Compare the best freight forwarder tracking software by carrier coverage, update frequency, and integration depth to find the right fit for your operation.

LowCode Agency·January 18, 2026·13 min read

Your freight forwarder sends a tracking link. Your customer clicks it and sees "In Transit" for four days straight. You open a ticket, the forwarder checks with the carrier, and you find out the shipment cleared customs two days ago and is sitting in a distribution hub waiting for last-mile assignment.

That is not a carrier problem. That is a data visibility problem, and most freight forwarder tracking software is designed to hide it behind a clean UI.

The platforms on this list range from carrier-agnostic tracking layers to enterprise freight visibility solutions. Each one solves a specific version of this problem. The wrong choice costs you more in integration time and manual intervention than you saved on the software license.

Key Takeaways

  • Carrier tracking APIs poll at intervals of 2 to 15 minutes; any vendor claiming "real-time" tracking is describing a polling frequency, not a push event from the carrier.
  • AfterShip connects to 1,100+ carriers globally, but most US freight forwarders operate across 5 to 12 carriers, making raw carrier count a weak buying signal.
  • Enterprise freight visibility platforms like Project44 and Fourkites charge $30,000 to $100,000+ per year; the right tier for most mid-market forwarders sits a level below that.
  • Ocean freight tracking carries the lowest data fidelity of any mode: vessel AIS data updates every few minutes, but port status and customs clearance events often lag by 6 to 24 hours.
  • Platforms that offer branded tracking pages reduce inbound "where is my order" inquiries by 30 to 50 percent for operations that measure this, based on published vendor benchmarks.
  • A custom-built tracking layer using a no-code platform like Glide can integrate with existing TMS and carrier APIs for a fraction of the cost of enterprise platforms when your workflows do not fit standard templates.
  • Building carrier integrations in-house without an aggregation layer adds 80 to 200 hours of engineering time per carrier, not counting ongoing maintenance.

What Separates Useful Freight Tracking Software from a Status Dashboard

Most freight tracking tools do the same thing: pull a status event from a carrier API and display it. The meaningful differences live in three areas.

Data fidelity is how accurately and completely the platform captures what is actually happening to a shipment. This includes milestone granularity (how many events between pickup and delivery), exception detection (does the platform flag a problem before you do), and mode coverage (can it handle ocean, air, and road in a single view).

Integration depth is how the platform connects to the rest of your stack.

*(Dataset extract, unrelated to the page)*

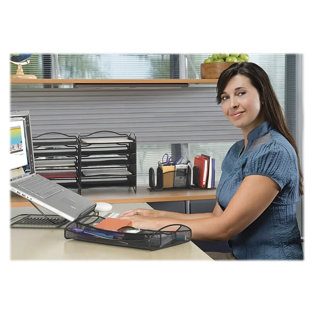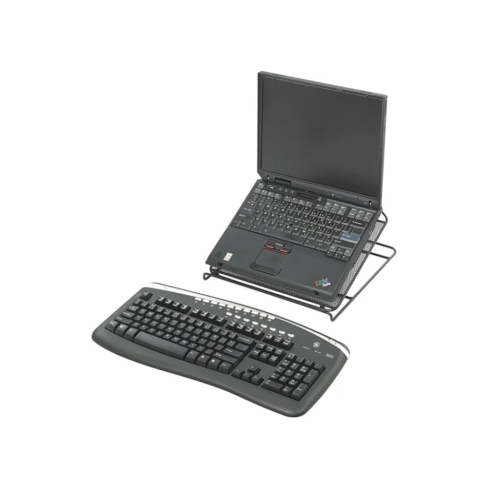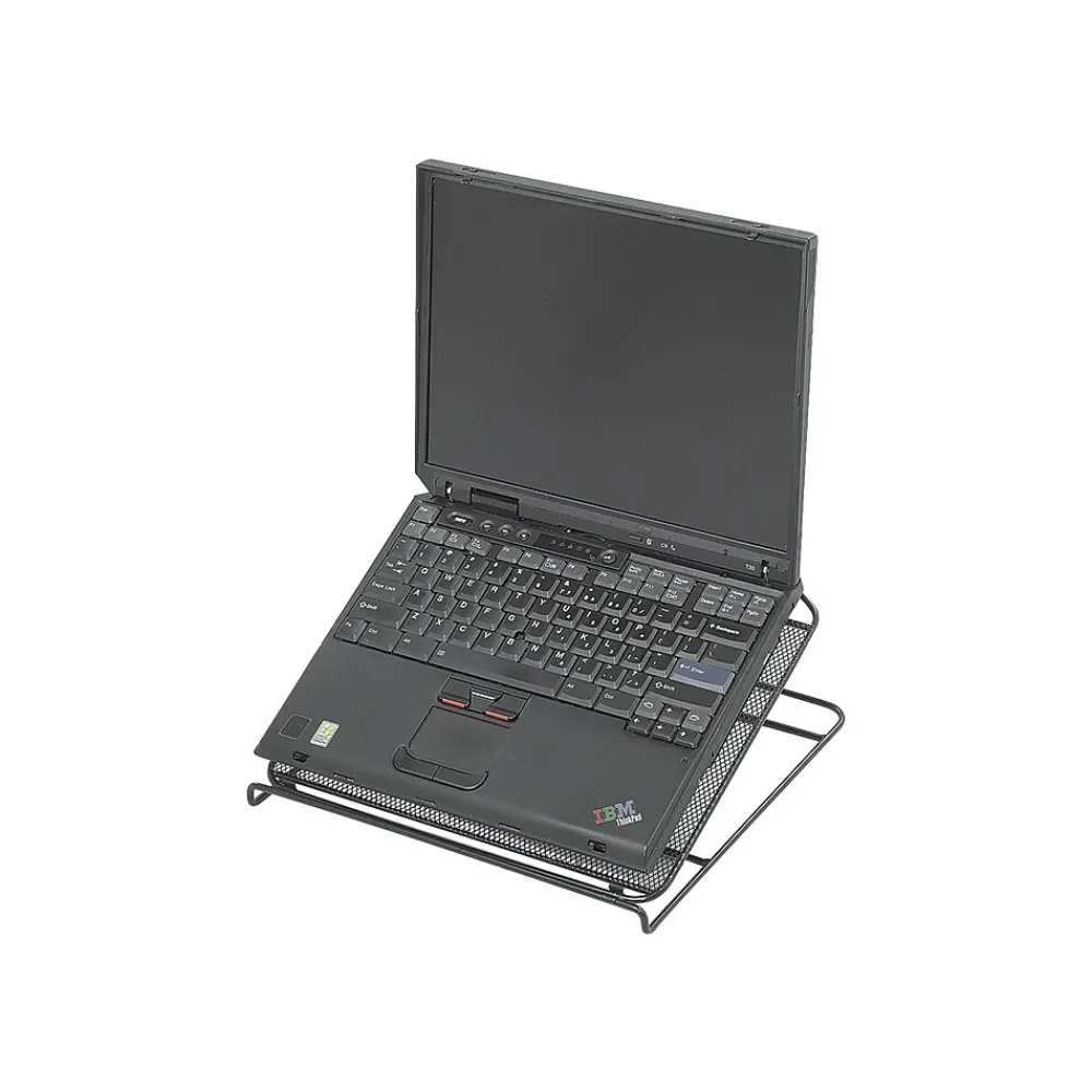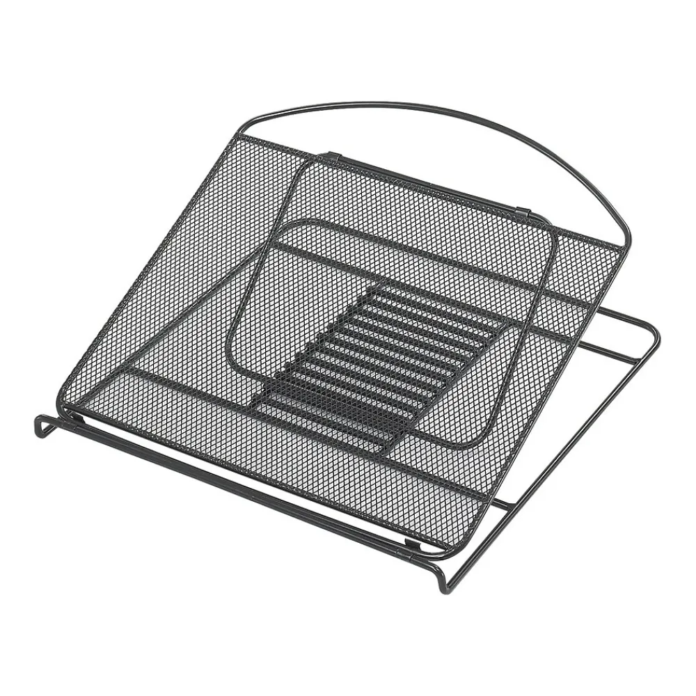 Protect your laptop from overheating with this mesh platform. Its powder-coated steel construction has a front lip to keep your device from slipping forward, and the notched base lets you set the optimum viewing angle for your screen when sitting at a desk or working from your bed. This Safco desk stand folds flat for storage, so you pack it along with your laptop.

A tracking tool that does not push status updates to your TMS, WMS, or ERP creates a second source of truth. Two sources of truth means someone is always reconciling manually.

Actionability is whether the platform helps you do something when a shipment goes wrong, or just shows you that it has. A status update that says "delayed" is information. An alert that says "this shipment is 48 hours behind, it will miss the delivery window for order #4421, and the customer has a service-level commitment" is actionable.

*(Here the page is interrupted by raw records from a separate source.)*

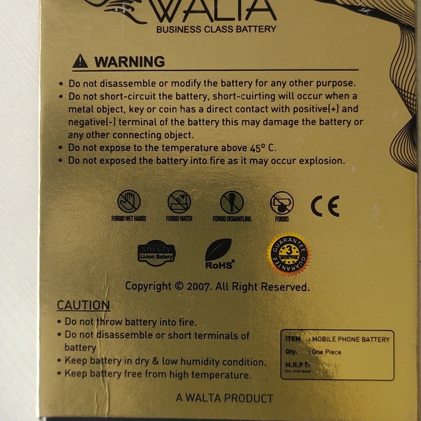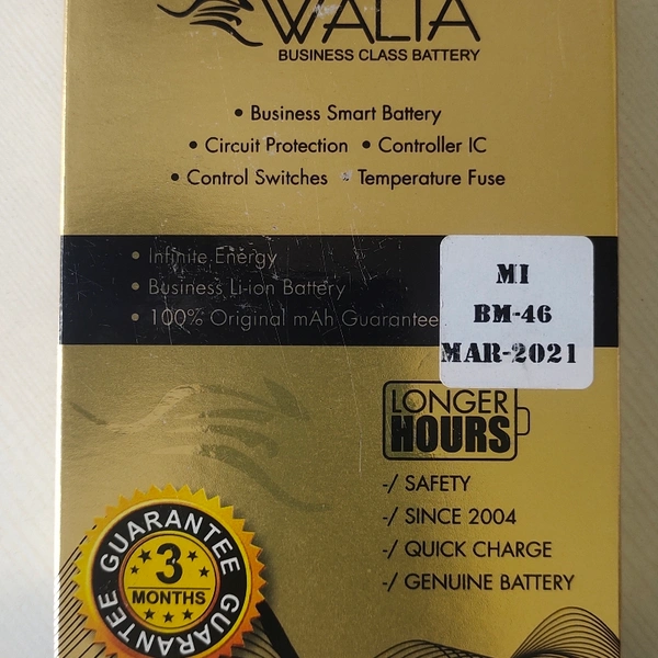 This Walta battery model bm-46 this battery comfortable with mi note 3, This product come with 3 months manufacturing warranty, warranty cover only manufacturing defect, warranty not covered in waterlog, overcharge, physical damage, battery swells, warranty claim with manufacturing package box.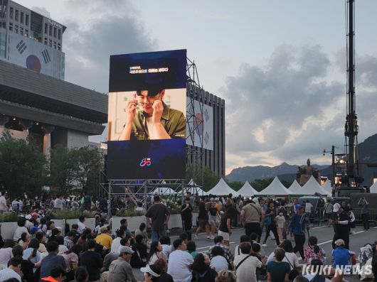 15일 오후 8시에 진행되는 이재명 대통령의 ‘국민임명식’을 관람하기 위해 많은 시민들이 광화문 광장으로 몰려들었다.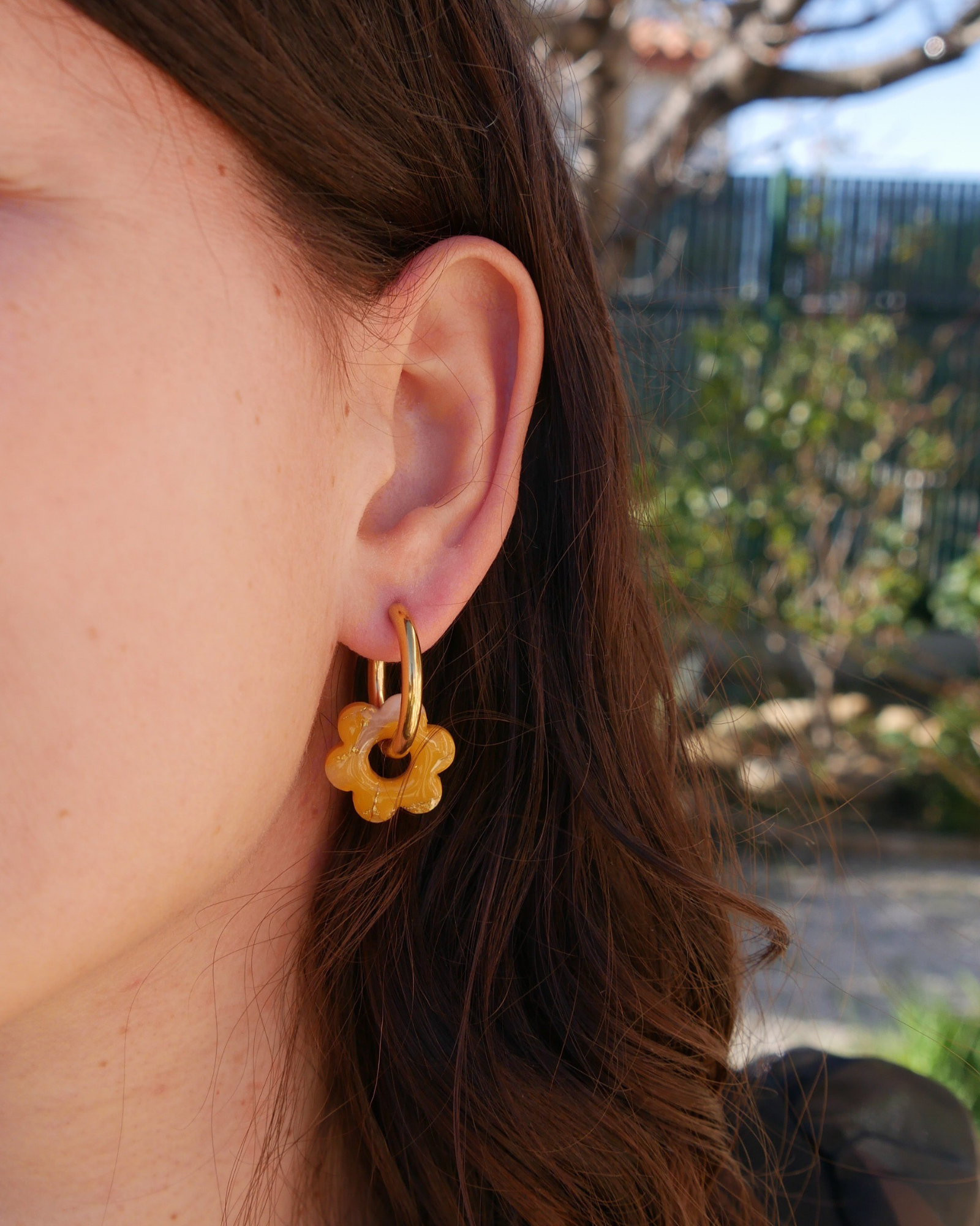 Les créoles fleurs jaunes Maison Oneiri sont idéales pour apporter une touche lumineuse et solaire à vos tenues. Le jaune marbré, associé au transparent et à de délicates touches de feuille d’or, capte la lumière et illumine instantanément le visage.

For a broader view of how tracking fits into your logistics management software stack, that context matters before you evaluate any of the platforms below.

Tools Reviewed

1. AfterShip

AfterShip is a carrier-agnostic shipment tracking platform built primarily for e-commerce and direct-to-consumer operations. It connects to over 1,100 carriers worldwide, including UPS, FedEx, USPS, DHL, and all major regional carriers, and provides a unified tracking API and a hosted tracking page.

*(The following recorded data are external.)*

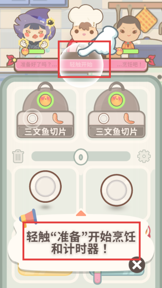 1、游戏初始,熟悉新食材,了解不同食材用途。按操作提示(如轻触“准备”)开始烹饪,留意计时器,在规定时间内完成菜品制作。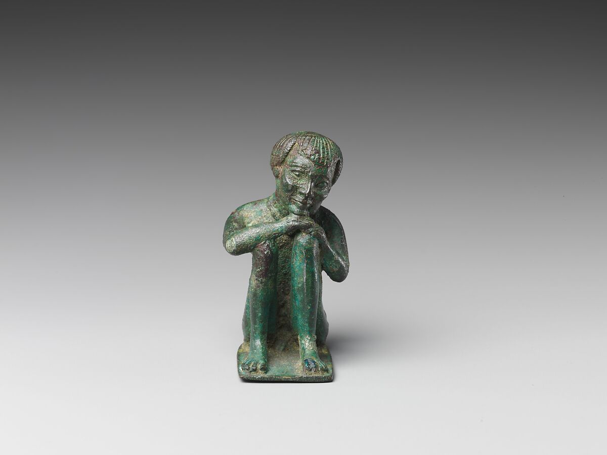 This statuette belongs to a late type from Egypt seen in limestone or bronze depicting a nude individual resting with his hands and head on one or both knees. One interpretation connects these with mourners depicted in earlier tomb reliefs. There are also small faience figures from Rhodes sometimes termed 'temple boys'' that are related in pose, as well as Hellenistic statuettes of 'Ethiopians' apparently representing crouching and waiting servants.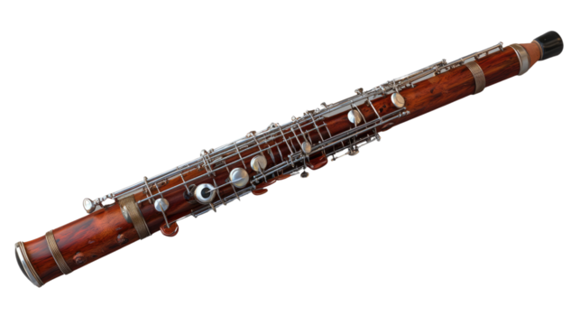 Wooden Oboe Woodwind Musical Instrument with Silver Keys and Transparent Background for Musical Performance and Fine Arts
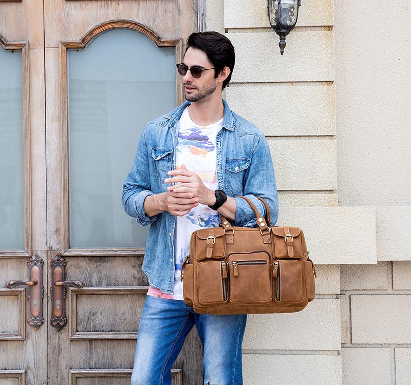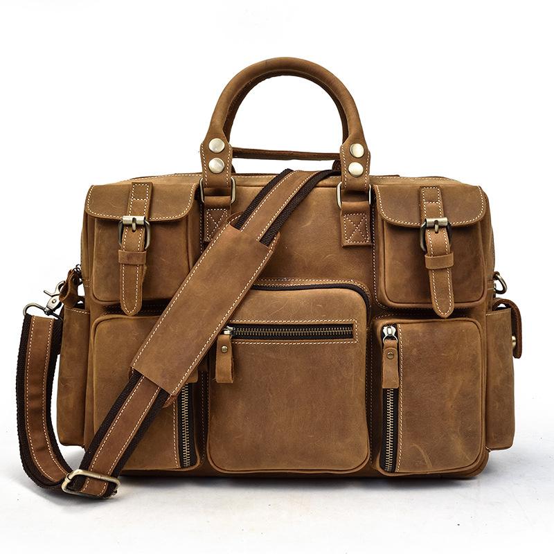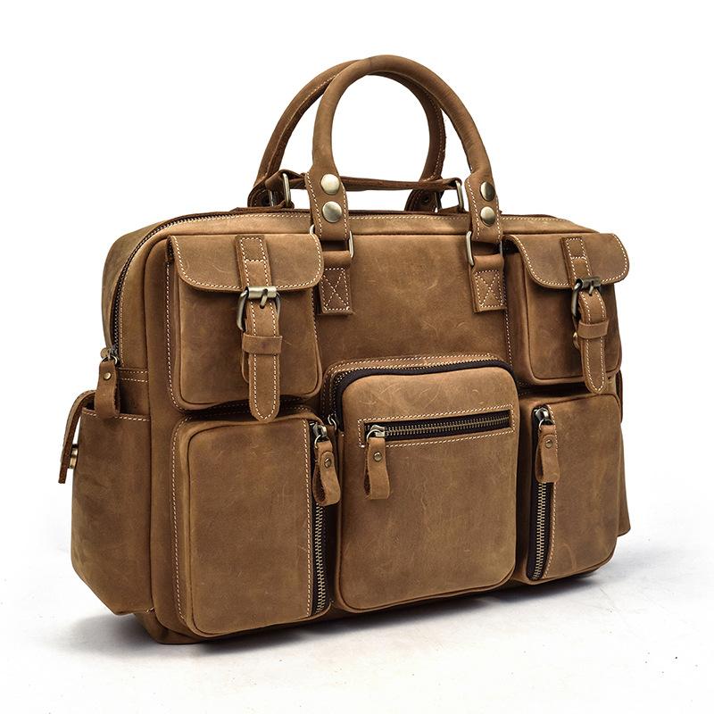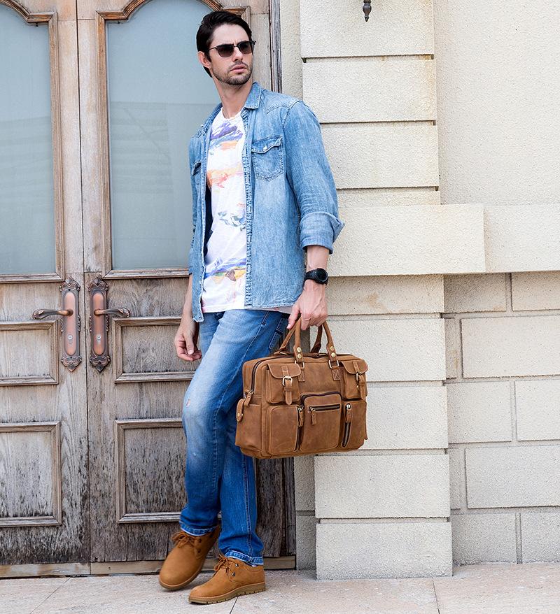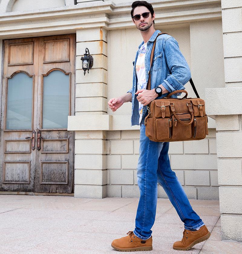 Design: Vintage Leather Men's Travel Bag Business Handbag Laptop 14inch Briefcase For Men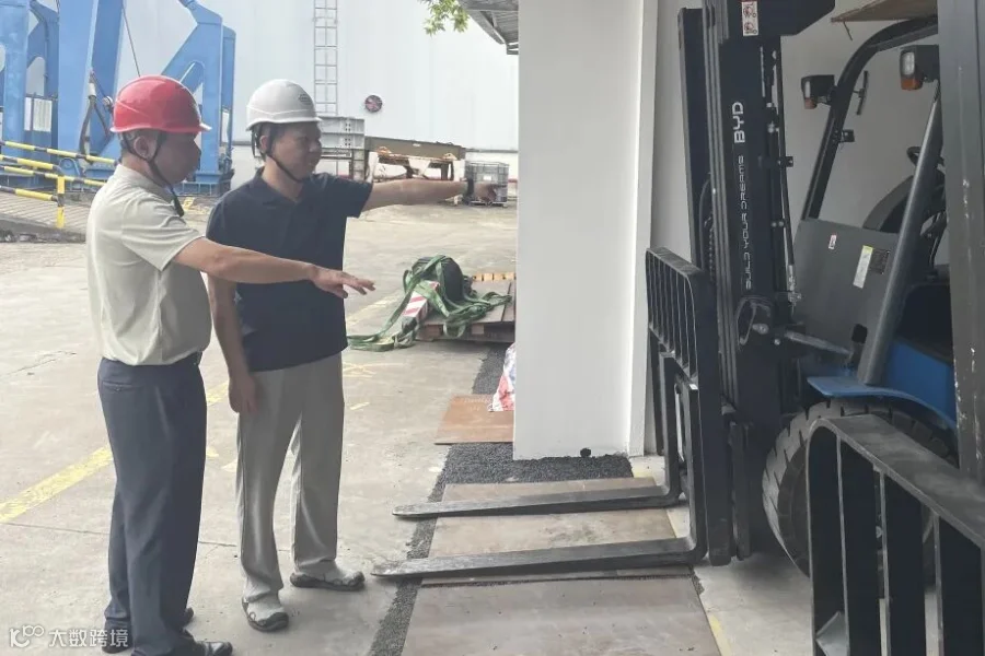 本次检查重点围绕仓库、堆场、停车场的排水设施运行状态、风险隐患排查整改情况、应急物资储备及道路运输安全管控等核心内容展开。同时,通过现场连线船舶绑扎现场管理人员,详细了解防台措施执行进度、人员安全安置方案及台风后续应对计划,要求全员以高度紧迫感进入“临战状态”。

Best for: E-commerce brands and forwarders with diverse domestic carrier mixes who need a branded post-purchase experience for end customers.

Pricing tier: $$ (starts around $11/month for basic plans; enterprise tiers at custom pricing)

Key differentiator: AfterShip's breadth of carrier connections is unmatched at its price point. The hosted tracking page is configurable enough for most brand requirements without custom development.

Meaningful limitation: AfterShip is optimized for parcel and small package shipping. Its event granularity on LTL and freight shipments is noticeably thinner than its parcel coverage. If your operation is predominantly freight rather than parcel, the carrier-count advantage shrinks considerably.

2. Project44

Project44 is an enterprise freight visibility platform covering ocean, air, truckload, LTL, and rail. It connects to over 1,000 carriers and provides predictive ETAs, exception management, and supply chain analytics. It is the category leader for Fortune 500 shippers and large 3PLs.

Best for: Enterprise freight forwarders and large 3PLs managing multi-modal shipments with complex exception management requirements.

Pricing tier: $$$ (typically $30,000 to $100,000+ per year)

Key differentiator: Project44's predictive ETA engine uses machine learning trained on historical carrier performance data. This is meaningfully different from showing you the carrier's own estimated delivery date. It gives you an independent estimate that accounts for lane-level performance patterns.

Meaningful limitation: The price point eliminates Project44 from consideration for most small and mid-market freight forwarders. The implementation timeline is also substantial: most customers report 60 to 90 days to full deployment.

3. Fourkites

Fourkites competes directly with Project44 at the enterprise tier. It covers road, rail, ocean, and air and is particularly strong on North American truckload and intermodal visibility. Its customer base leans toward manufacturing, retail, and CPG shippers.

Best for: Shippers and forwarders with heavy North American truckload volumes who need real-time location tracking rather than just milestone events.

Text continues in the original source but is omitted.